The "if" direction — that if the greatest-height of every single node is at most double its least-height, then the tree is red-black–colorable — is trickier.

The proof turns out to be a bit simpler if we allow the trees to have red roots. This doesn't affect the result, because given a tree that satisfies all of the red-black invariants except that its root is red, we can just recolor the root black without breaking those other invariants. But I don't want to redefine the term "red-black tree" in the middle of a proof about red-black trees, so I'll instead use the term "red-black subtree", in reference to the fact that a subtree of a red-black tree has to satisfy all of the red-black invariants except that its root can be red.

The proof involves mathematical induction, so I'll actually prove a slightly stronger claim that enables the inductive step:

Theorem. If every node in a binary tree has a greatest-height that is at most double its least-height, then for any integer b in the range [root.greatestHeight / 2, root.leastHeight], the tree can be colored to become a red-black subtree whose root has black-height b.

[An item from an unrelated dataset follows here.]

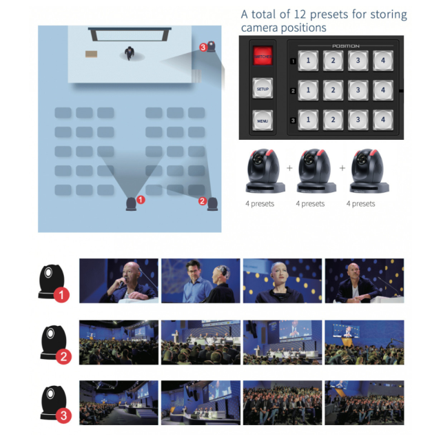 Vgrajene funkcije za nadzor kamer ShowCast 100 vam omogočajo hkratni nadzor treh kamer PTZ. Neposredno lahko shranite prednastavitve položaja objektiva, položaje obračanja in nagibanja v realnem času ter povečate in pomanjšate posnetek. Poleg tega lahko prilagodite ravnovesje beline, zaslonko in način zrcaljenja vsake kamere. Čeprav lahko ShowCast 100 upravlja le tri kamere PTZ, lahko shranite do štiri prednastavitve za vsako kamero, kar vam omogoča skupno 12 različnih zornih kotov za vašo produkcijo. 12 pomnilniških prednastavitev režiserju omogoča, da s pritiskom na ustrezne gumbe prednastavitev takoj preklopi med različnimi koti kamere v sistemu ShowCast 100. Na intuitivnem uporabniškem vmesniku z zaslonom na dotik lahko preprosto prilagodite nastavitve ostrenja, zaslonke in ravnovesja beline kamere. Nastavitve določenega programa lahko shranite v pomnilniške prednastavitve za prihodnjo uporabo.

Unfortunately, the inductive step will involve jumping down two levels (considering root.left.left and root.left.right and root.right.left and root.right.right, instead of just root.left and root.right), so our base cases need to cover all cases where root or root.left or root.right is ɴɪʟ.

Base case #1 — root is ɴɪʟ: This is straightforward, since ɴɪʟ is inherently a red-black subtree, the range [ɴɪʟ.greatestHeight / 2, ɴɪʟ.leastHeight] is just {0}, and ɴɪʟ.blackHeight = 0.

Base case #2 — root has two ɴɪʟ children: The least-height and greatest-height are both 1, so the range [root.greatestHeight / 2, root.leastHeight] is just [½, 1], which contains only one integer, namely 1; and indeed, if we color the root black, we'll have a red-black subtree whose root has black-height 1.

Base case #3 — root has one ɴɪʟ child and one non-ɴɪʟ child: The least-height is 1, so by assumption, the greatest-height can be at most 2; so the non-ɴɪʟ child must have greatest-height 1, meaning that both of its children are ɴɪʟ. (In other words, this must be a tree with exactly two non-ɴɪʟ nodes.) The range [root.greatestHeight / 2, root.leastHeight] is just {1}; and indeed, if we color the root black and its non-ɴɪʟ child red, we'll have a red-black subtree whose root has black-height 1.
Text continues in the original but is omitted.